**Task item:** Extract only the lines from the start of the entries below to the line with "Specification: 6 Light", inclusive; omit every picture.

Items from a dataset
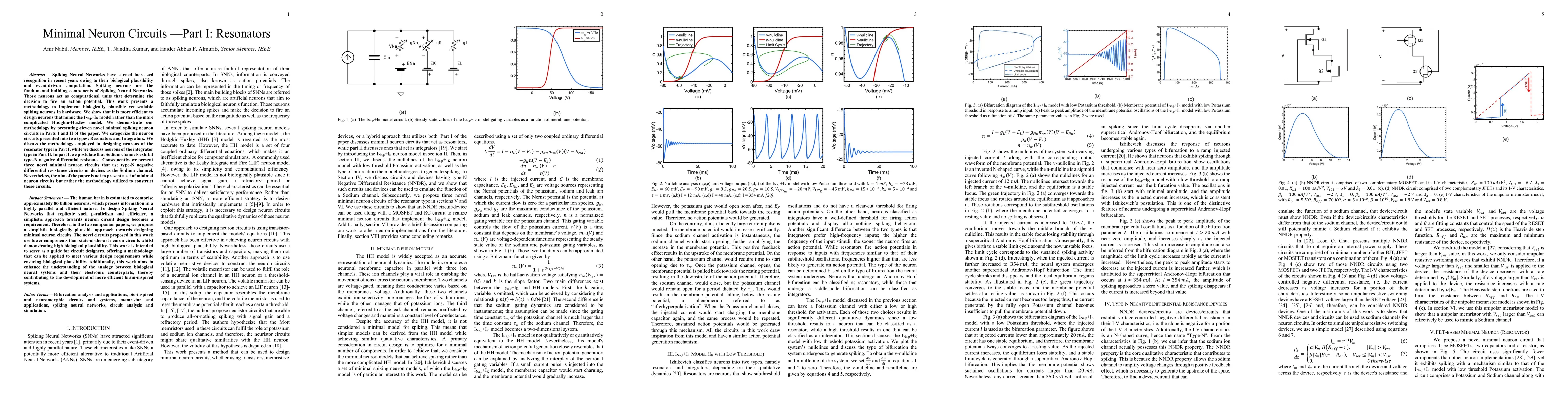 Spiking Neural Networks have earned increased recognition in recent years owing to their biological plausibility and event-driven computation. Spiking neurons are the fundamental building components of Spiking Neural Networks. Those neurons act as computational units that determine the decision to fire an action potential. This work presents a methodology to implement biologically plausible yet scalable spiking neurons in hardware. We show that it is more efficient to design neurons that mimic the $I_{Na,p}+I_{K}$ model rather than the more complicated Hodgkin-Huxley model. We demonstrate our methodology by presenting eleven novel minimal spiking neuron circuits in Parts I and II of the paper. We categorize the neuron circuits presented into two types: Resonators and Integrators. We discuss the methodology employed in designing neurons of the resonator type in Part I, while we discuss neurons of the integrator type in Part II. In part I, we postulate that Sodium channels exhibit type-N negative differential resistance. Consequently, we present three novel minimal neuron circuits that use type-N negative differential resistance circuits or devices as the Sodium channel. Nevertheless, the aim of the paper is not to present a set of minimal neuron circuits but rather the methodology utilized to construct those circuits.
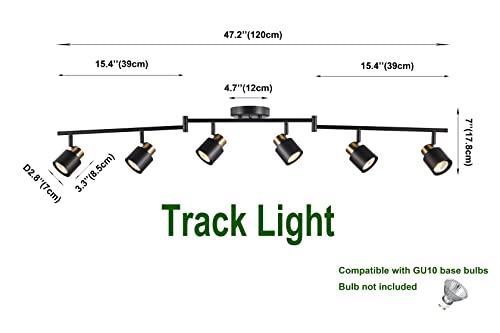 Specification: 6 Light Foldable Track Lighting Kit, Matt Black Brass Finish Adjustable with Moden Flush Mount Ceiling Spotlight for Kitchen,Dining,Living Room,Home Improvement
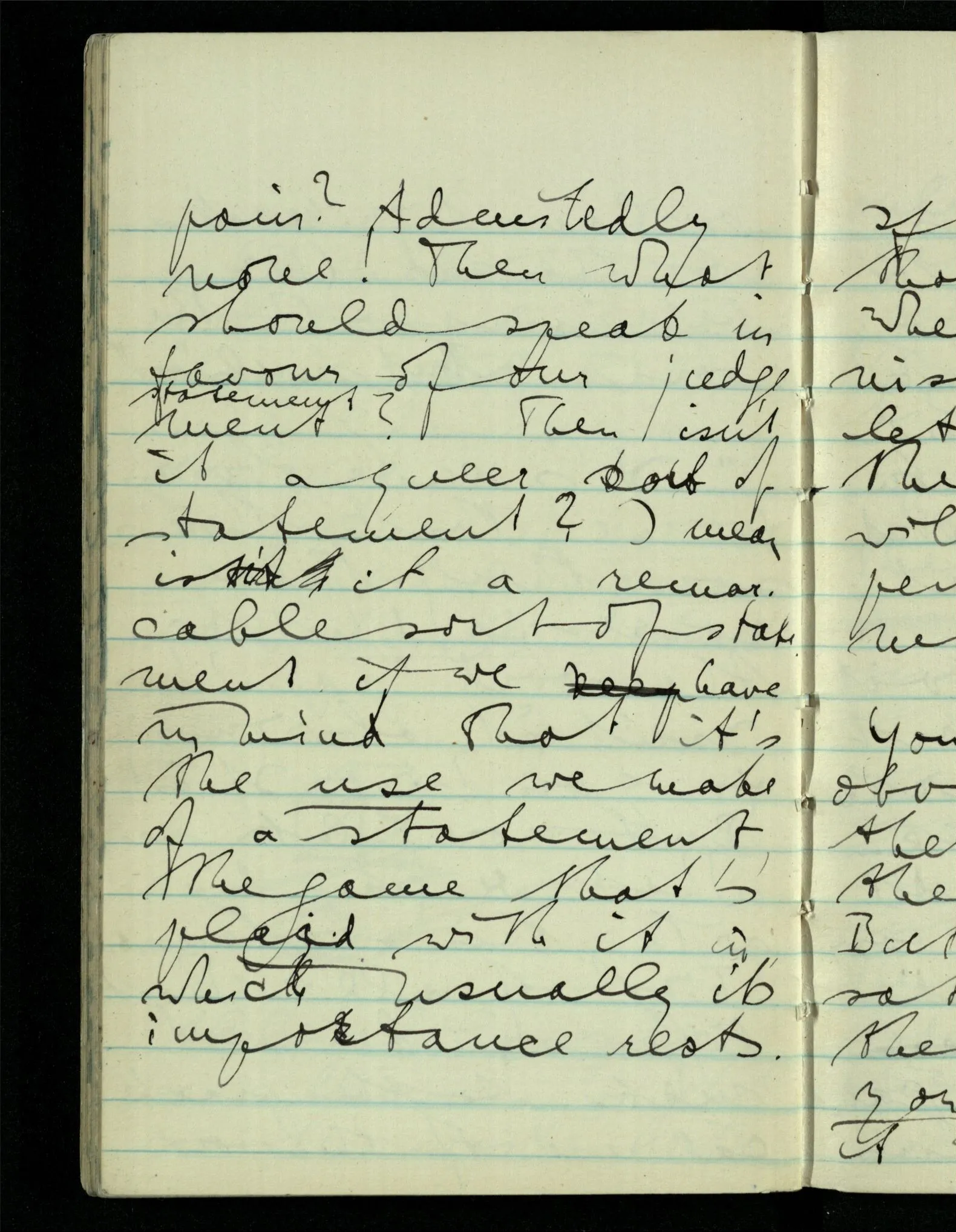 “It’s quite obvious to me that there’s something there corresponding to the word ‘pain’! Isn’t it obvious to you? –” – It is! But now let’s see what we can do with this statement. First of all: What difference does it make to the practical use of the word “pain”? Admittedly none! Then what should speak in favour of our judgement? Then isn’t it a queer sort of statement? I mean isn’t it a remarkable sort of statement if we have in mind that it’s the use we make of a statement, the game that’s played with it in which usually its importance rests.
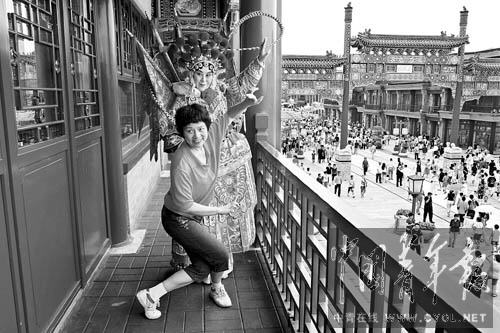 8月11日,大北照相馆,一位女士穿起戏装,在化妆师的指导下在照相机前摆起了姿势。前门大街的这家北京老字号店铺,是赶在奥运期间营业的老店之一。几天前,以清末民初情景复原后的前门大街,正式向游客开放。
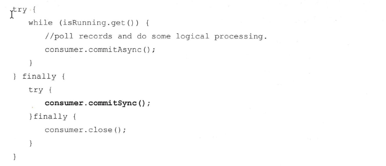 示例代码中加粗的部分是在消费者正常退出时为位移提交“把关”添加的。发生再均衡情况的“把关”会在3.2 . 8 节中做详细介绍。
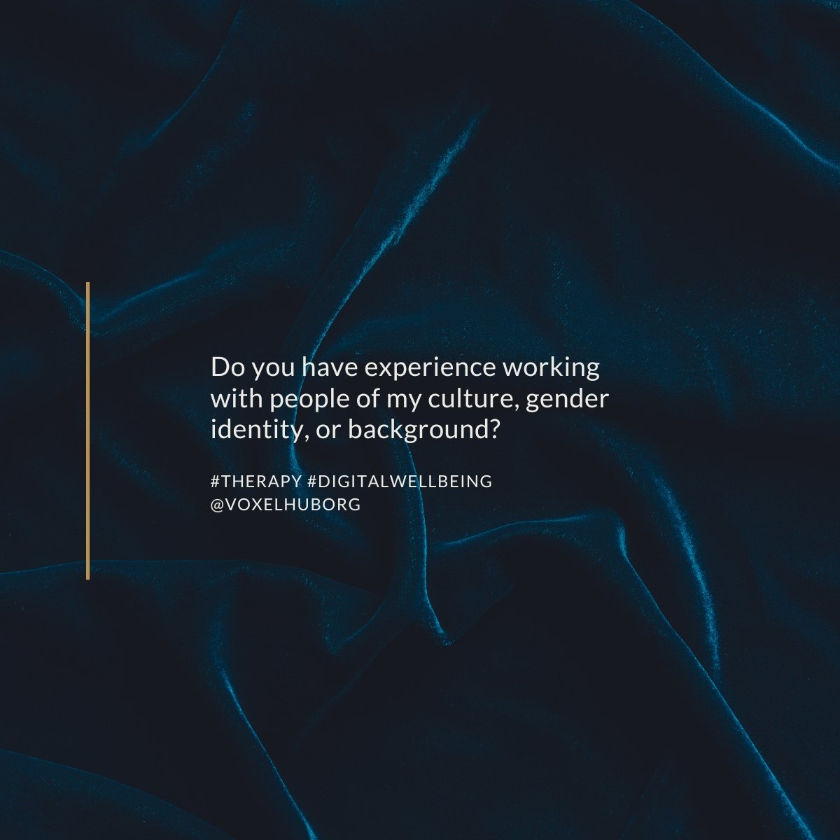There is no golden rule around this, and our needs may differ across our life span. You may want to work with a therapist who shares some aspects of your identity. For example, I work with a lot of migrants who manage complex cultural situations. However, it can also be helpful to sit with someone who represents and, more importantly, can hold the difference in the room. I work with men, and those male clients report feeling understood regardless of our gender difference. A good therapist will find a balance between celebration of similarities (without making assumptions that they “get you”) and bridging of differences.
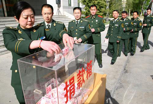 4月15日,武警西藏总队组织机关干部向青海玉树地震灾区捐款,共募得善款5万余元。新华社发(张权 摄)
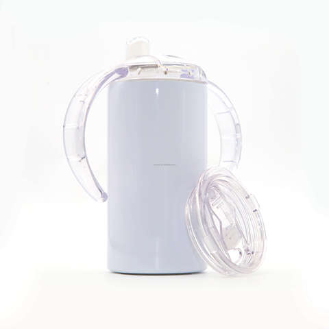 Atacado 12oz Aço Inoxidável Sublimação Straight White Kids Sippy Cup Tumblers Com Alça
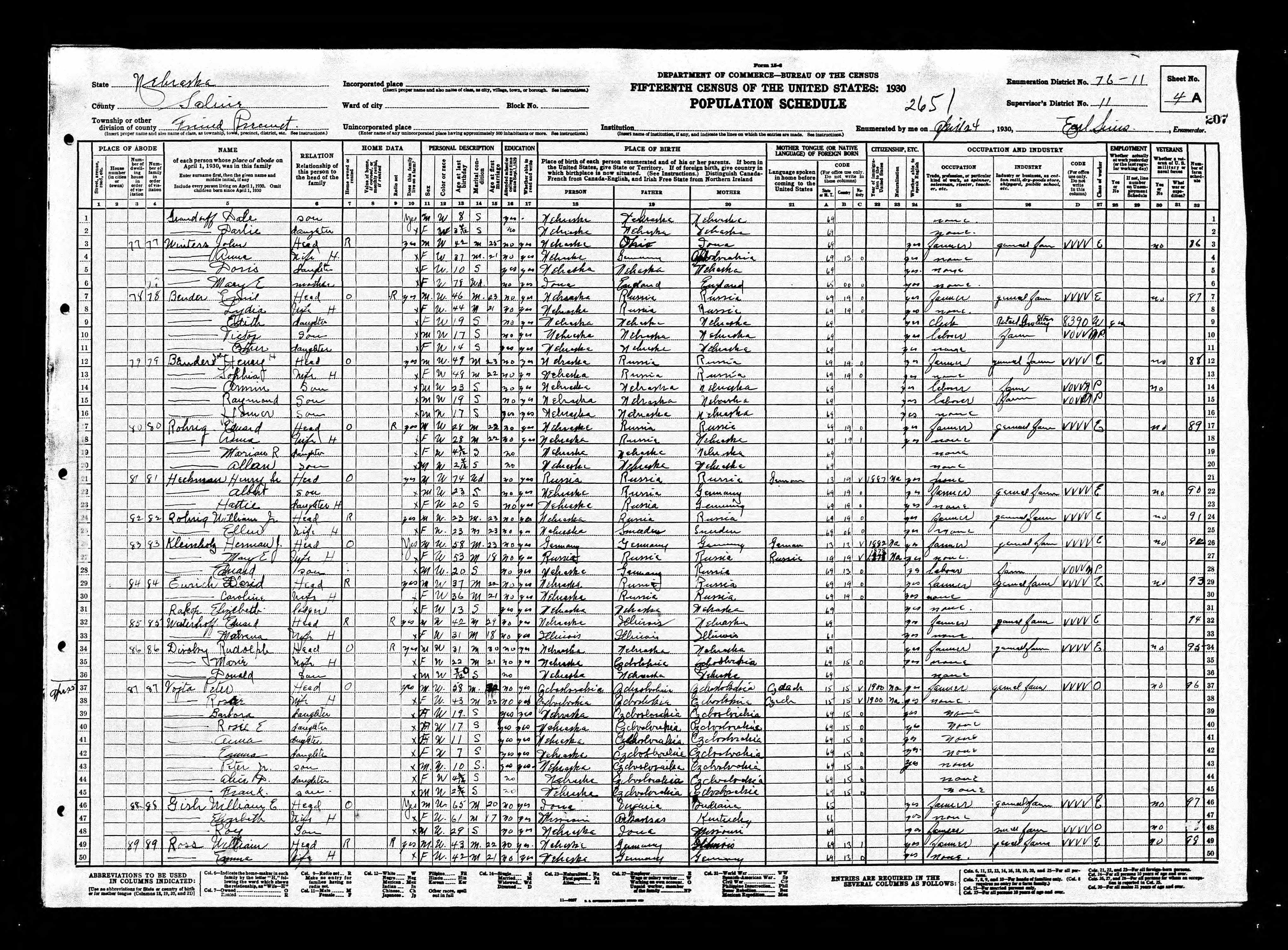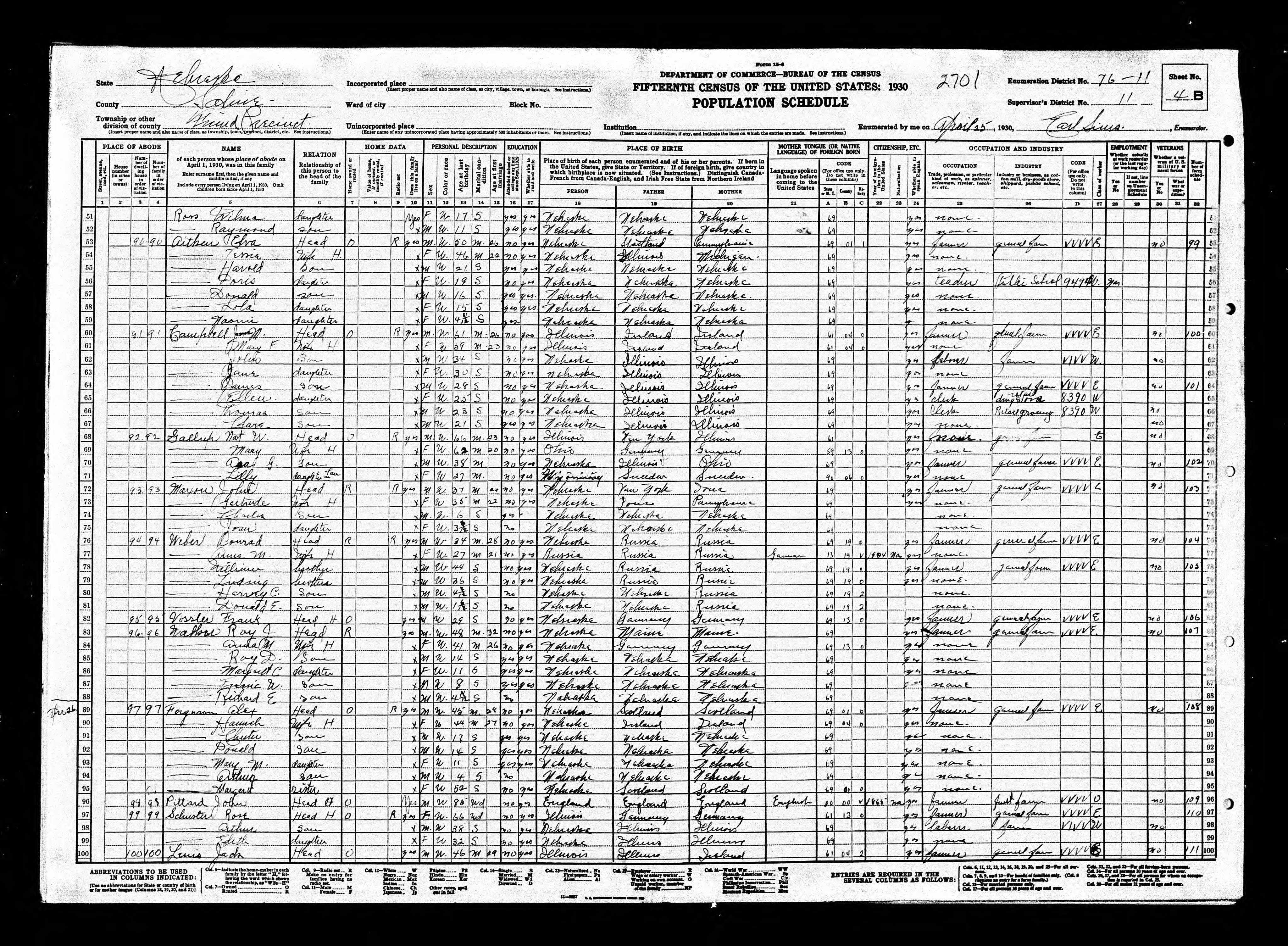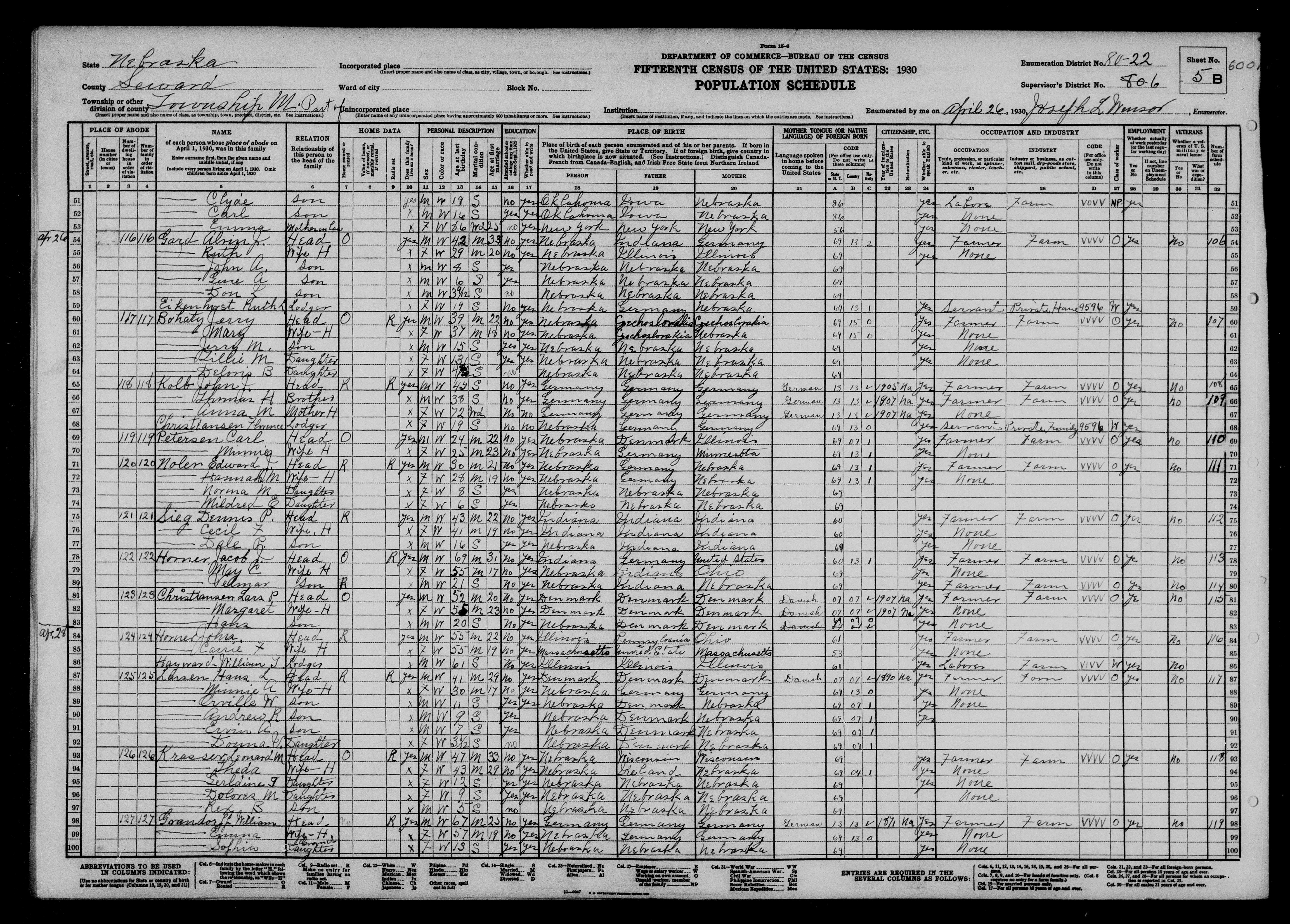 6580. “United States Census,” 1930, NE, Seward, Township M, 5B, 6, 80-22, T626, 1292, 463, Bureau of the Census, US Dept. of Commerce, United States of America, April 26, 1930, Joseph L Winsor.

**Solved problem:**
 Spiking Neural Networks have earned increased recognition in recent years owing to their biological plausibility and event-driven computation. Spiking neurons are the fundamental building components of Spiking Neural Networks. Those neurons act as computational units that determine the decision to fire an action potential. This work presents a methodology to implement biologically plausible yet scalable spiking neurons in hardware. We show that it is more efficient to design neurons that mimic the $I_{Na,p}+I_{K}$ model rather than the more complicated Hodgkin-Huxley model. We demonstrate our methodology by presenting eleven novel minimal spiking neuron circuits in Parts I and II of the paper. We categorize the neuron circuits presented into two types: Resonators and Integrators. We discuss the methodology employed in designing neurons of the resonator type in Part I, while we discuss neurons of the integrator type in Part II. In part I, we postulate that Sodium channels exhibit type-N negative differential resistance. Consequently, we present three novel minimal neuron circuits that use type-N negative differential resistance circuits or devices as the Sodium channel. Nevertheless, the aim of the paper is not to present a set of minimal neuron circuits but rather the methodology utilized to construct those circuits.
 Specification: 6 Light Foldable Track Lighting Kit, Matt Black Brass Finish Adjustable with Moden Flush Mount Ceiling Spotlight for Kitchen,Dining,Living Room,Home Improvement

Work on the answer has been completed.